Second, defenses are weakly compositional. Individually, guardrails, privilege control, isolation and provenance tracking each work. Stacked together they do not cleanly add up: they target different assets, assume different trust models, and the survey finds no convergent, composable security stack you can simply assemble. A clean result on one defense says little about the whole.

Third, benchmarks measure the wrong window. Most still report immediate attack success in bounded, single-turn environments, leaving long-horizon behavior, stateful memory/coordination risk, and privilege-sensitive actions under-evaluated — and rarely measure safety, utility, latency and cost jointly. A defense that looks strong in a benchmark can still be brittle in a stateful deployment.

Defenses

The survey’s own prescription is architectural, and it maps cleanly to four engineering pillars you can hold a design against.
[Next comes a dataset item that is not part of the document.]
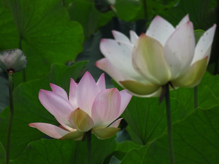 大約早上9:30,光影還有點斜、有點疲弱,花瓣葉影間的影子交疊,保留清早荷花清新身段
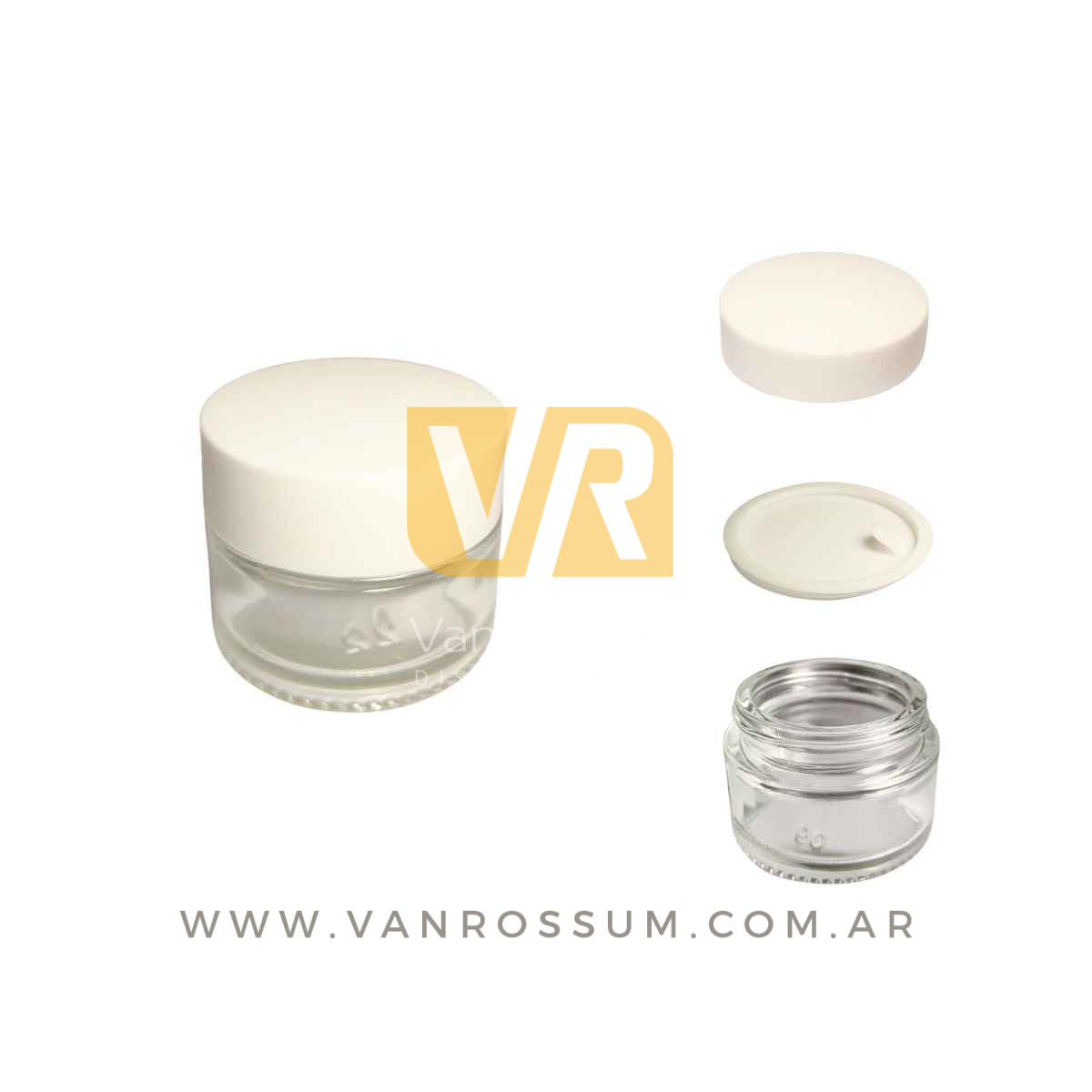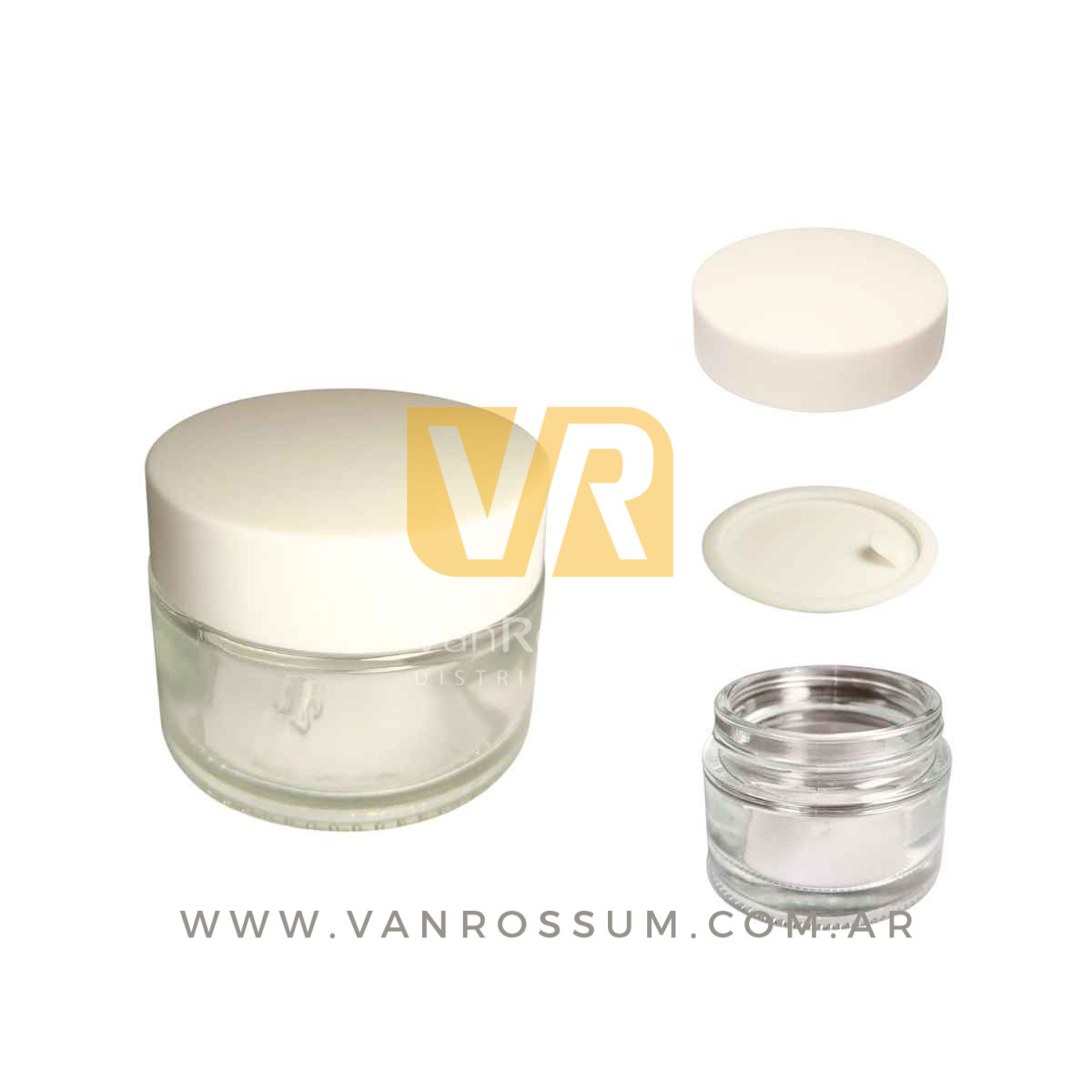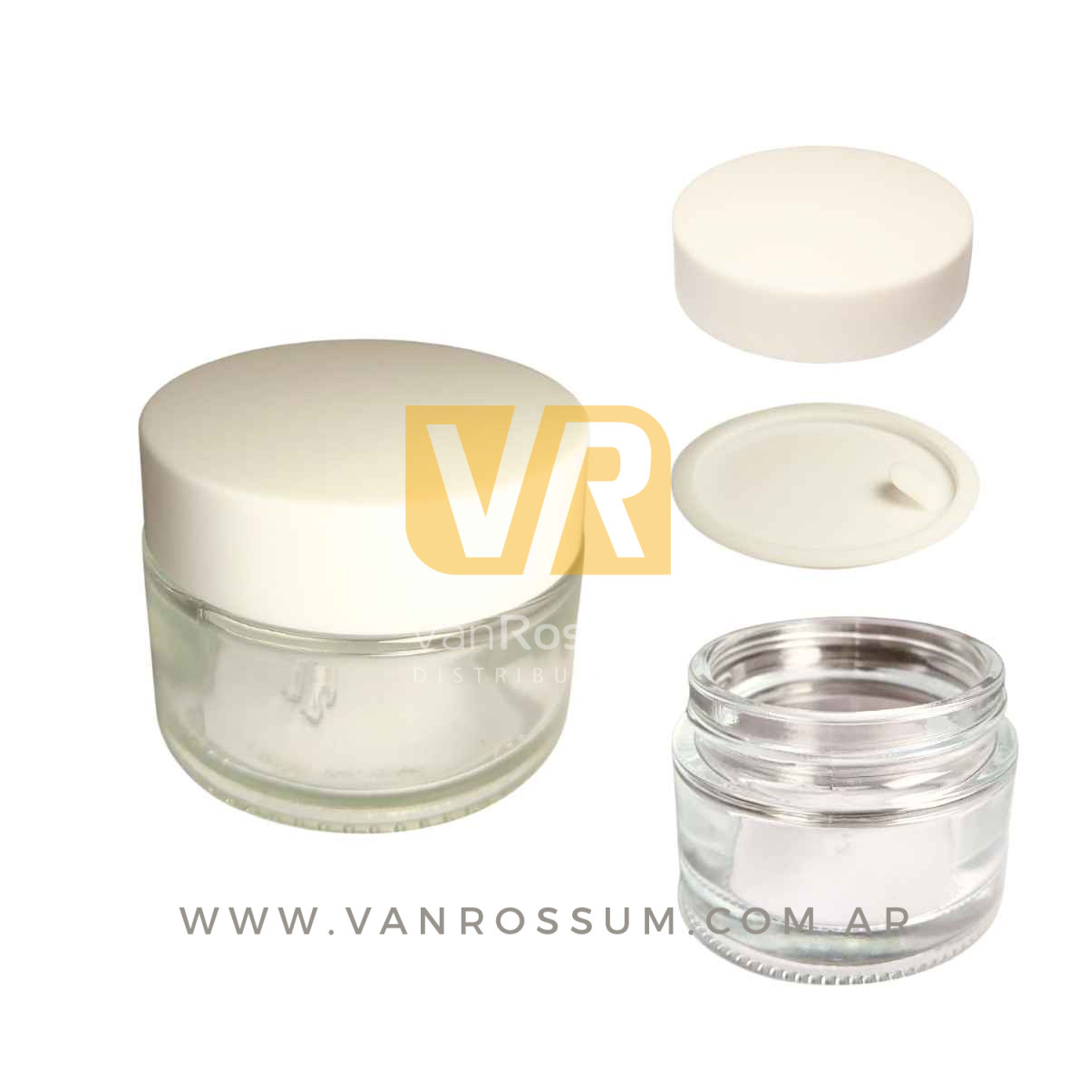 POTE RECTO TRANSPARENTE 50 ML. (DE VIDRIO C/ TAPA BLANCA)

Make trust boundaries explicit. Treat tool outputs, retrieved documents, memory entries and inter-agent messages as untrusted data, not instructions. The model cannot reliably separate the two on its own, so the boundary has to live in the system, echoing the instruction-hierarchy and spotlighting lines of work.

Apply principled privilege control. Scope every tool call to least authority, deny-by-default, and bind capabilities to the task rather than the session. Control-flow hijacking only escalates to real harm when the hijacked step still holds broad privilege.

Manage state with provenance. Persistent memory and long context are now attack surfaces. Track where each stored item came from, gate writes, and treat a contaminated memory entry as capable of steering future decisions, not just the current turn.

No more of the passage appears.